Fading Away with His Regret
Chapter 1
I never expected my last moment of life would come so quietly, so ordinarily, on a Tuesday evening while preparing Adam's favorite roasted chicken.
The familiar rhythm of chopping vegetables suddenly faltered when that first crushing pressure seized my chest.
The knife clattered against the cutting board as my hand flew to my heart, fingers clutching at my blouse as though I could somehow reach inside and massage the failing muscle back to life.
"Adam?" I called, my voice barely a whisper as the kitchen titled sideways.
The pain was extraordinary—like being crushed between two concrete walls, a vise tightening with each labored heartbeat.
I crumpled against the cold tile, knocking over the chair Adam never sat in anyway.
My body betrayed me with violent convulsions, lungs gasping for air that wouldn't come.
In those final moments of consciousness, my thoughts weren't profound or meaningful.
They were pathetically ordinary: Adam would be annoyed about dinner.
The chicken would burn. He would sigh that particular sigh—the one that said I'd disappointed him again.
Then darkness.
* * *
The fluorescent lights of New York Presbyterian's ICU stuttered into focus above me, but something was wrong.
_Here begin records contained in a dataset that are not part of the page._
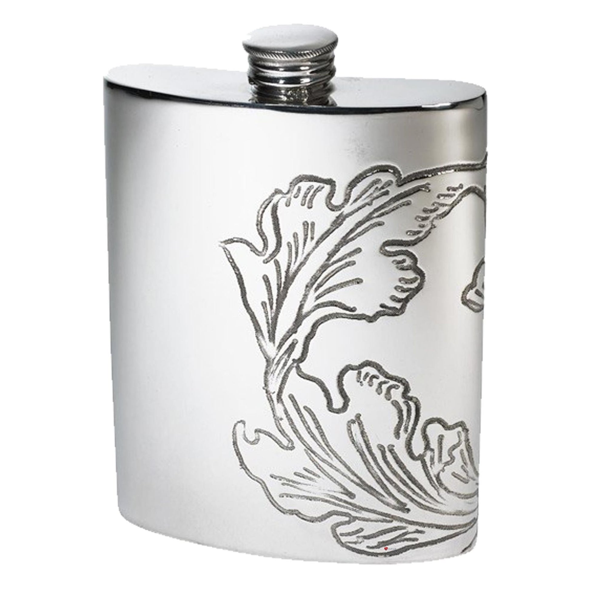 6oz Pewter Hip Flask Acanthus Leaf Decoration Pattern Bright Polished Screw Top
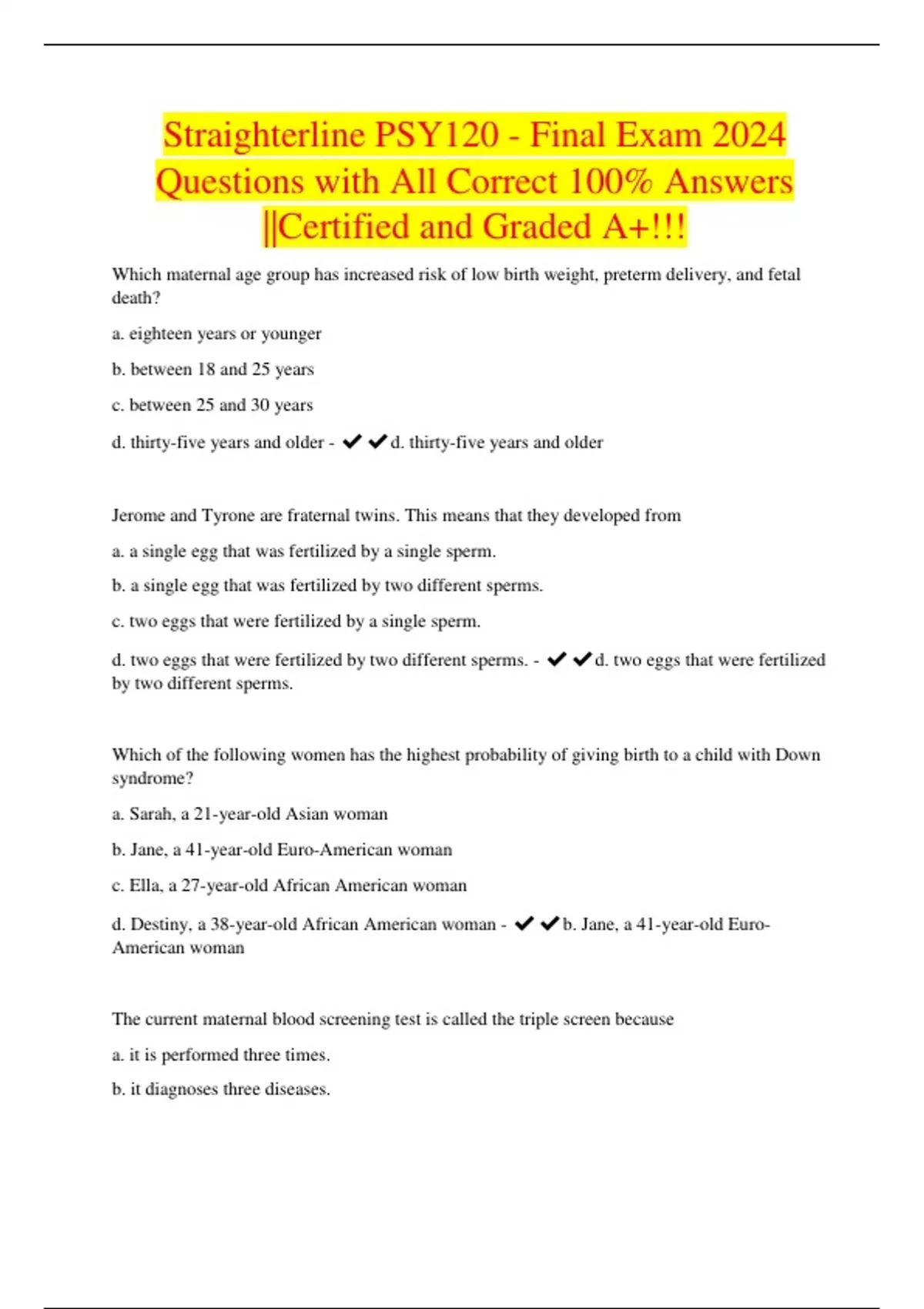Straighterline PSY120 - Final Exam 2024 Questions with All Correct 100% Answers ||Certified and Graded A+!!!
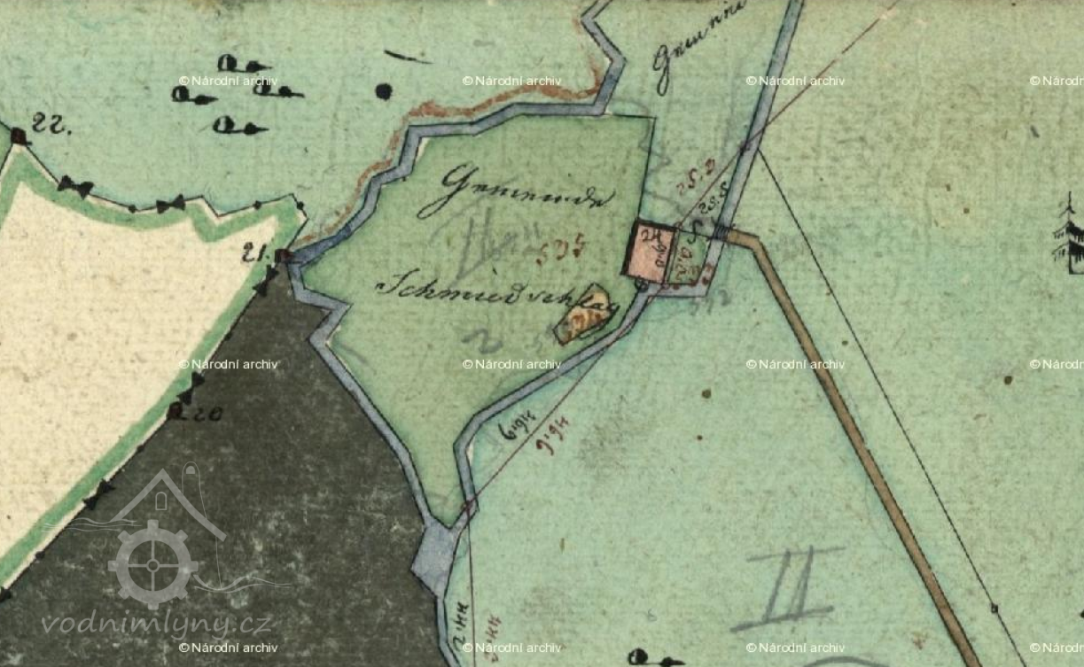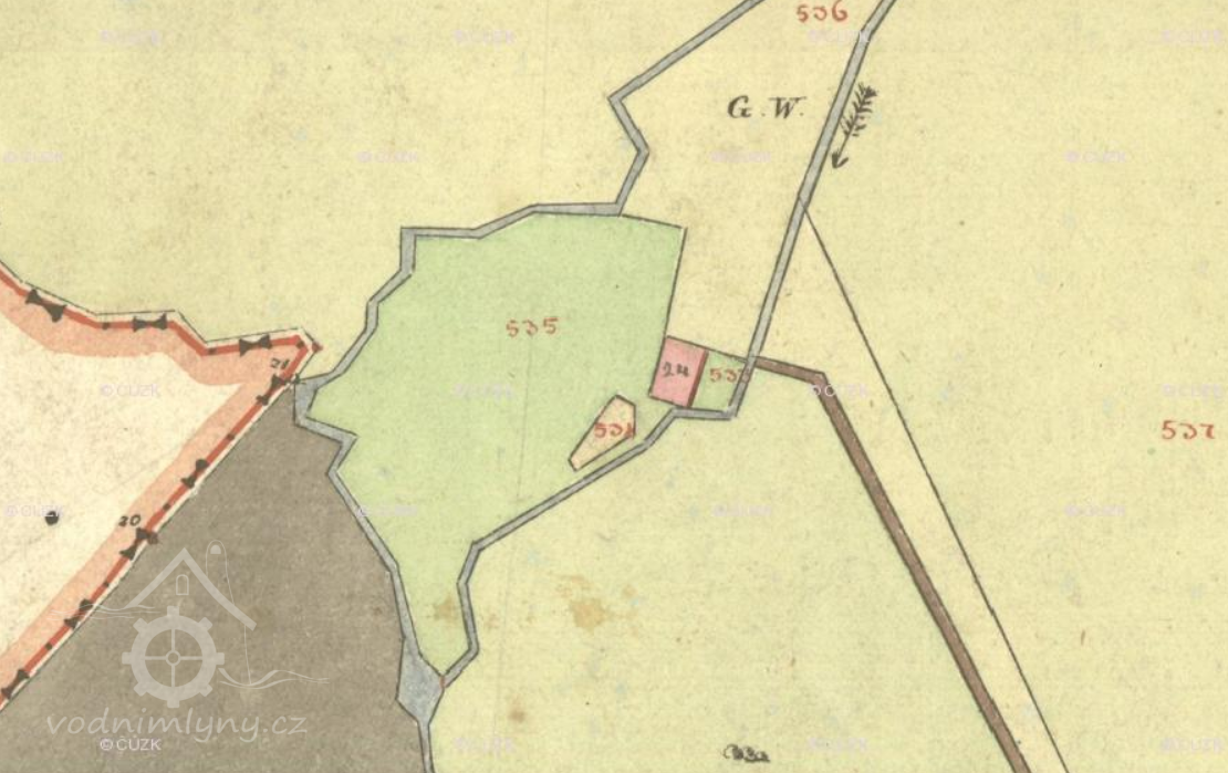 Popis1930: 1 kolo na svrchní vodu, hltnost 0,07 m3/s, spád 3,3 m, výkon 2 HP
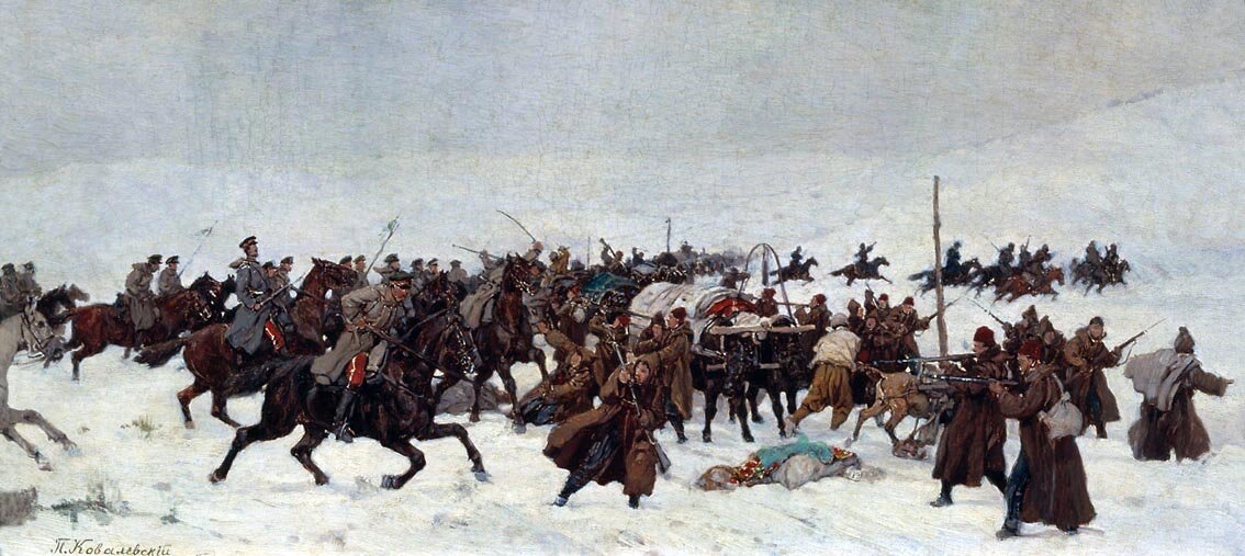 Атака русской кавалерии на турецкий обоз. 1877 год.
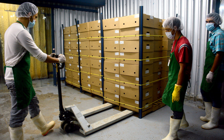 Vista del momento en que trabajadores de Horti Pack realizan labores de empaque para la exportación del primer furgón de ñame blanco que saldrá desde Samaná hacia Nueva York.
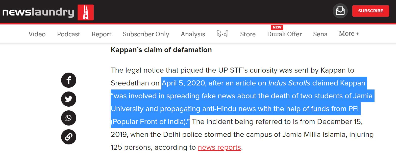 The Newlaundry report claims that Siddique Kappan had sent a legal notice to G Sreedathan, the founder of the website Indus Scrolls on April 5, 2020, “after an article on Indus Scrolls claimed Kappan was involved in spreading fake news about the death of two students of Jamia University and propagating anti-Hindu news with the help of funds from PFI (Popular Front of India).”

I felt weightless, detached. Below me, doctors swarmed around a body on a gurney—my body—their voices urgent but strangely muffled, as though I was hearing them through water.
"Clear!" A female doctor pressed paddles to my chest. My body jumped, but the monitor continued its mournful, unbroken tone. "Again! Clear!"
I drifted toward the doorway where Adam stood, his phone pressed to his ear, his back to the frantic scene inside.
"Yes, I understand the Tokyo deal is time-sensitive," he was saying, voice crisp and businesslike. "But I'm at the hospital right now. My wife had some kind of episode."
Some kind of episode. As though I'd thrown a tantrum rather than my heart giving out. I tried to touch his shoulder, to make him turn around, but my hand passed through him like mist through air.
The female doctor—her badge read Dr. Sarah Mitchell—stepped out, her face grave beneath her surgical cap. "Mr. Brooks?"
Adam ended his call. "Yes?"
"I'm very sorry. We did everything we could, but your wife suffered a massive cardiac arrest. The damage was too extensive."
I waited for Adam's face to crumble, for some sign of the devastation I would have felt had our positions been reversed. Instead, his expression remained impassive, almost bored, as though she'd informed him of a minor inconvenience rather than the death of his wife.
"You did what you could," he said flatly. Then, without even glancing toward the room where my body lay, he turned and walked down the hallway.
I followed him, floating alongside, screaming words he couldn't hear. "Adam! Look at me! Thirty-four years old and my heart just stopped! Don't you care? Don't you feel anything?"
But he continued walking, his shoulders straight, his steps measured and calm as he approached the nurses' station.
"I need to sign release forms," he told the nurse. "My wife just passed."
They gave him a clipboard of papers, and he signed them with the same efficient precision he used for business contracts. I hovered beside him, watching his hand move across the page, noticing how he didn't pause, didn't falter, didn't once brush away a tear that wasn't there.
When he finished, a nurse led him back to the room where I lay. Someone had pulled a white sheet over my face. Adam stood at the foot of the bed, staring not at me but at the wall behind, as though the paint pattern was somehow more worthy of his attention than the woman he had shared a home with for five years.
"Would you like a moment alone with her?" the nurse asked gently.
"No," Adam said. "That won't be necessary."
And in that moment, floating above the sheet-covered shell that had once been me, I understood with perfect clarity what I had spent years denying: I had never been loved by this man. Not once. Not ever.
I was dead, yet somehow still here, trapped in a purgatory where I could only watch as the truth I had always feared was finally, brutally confirmed.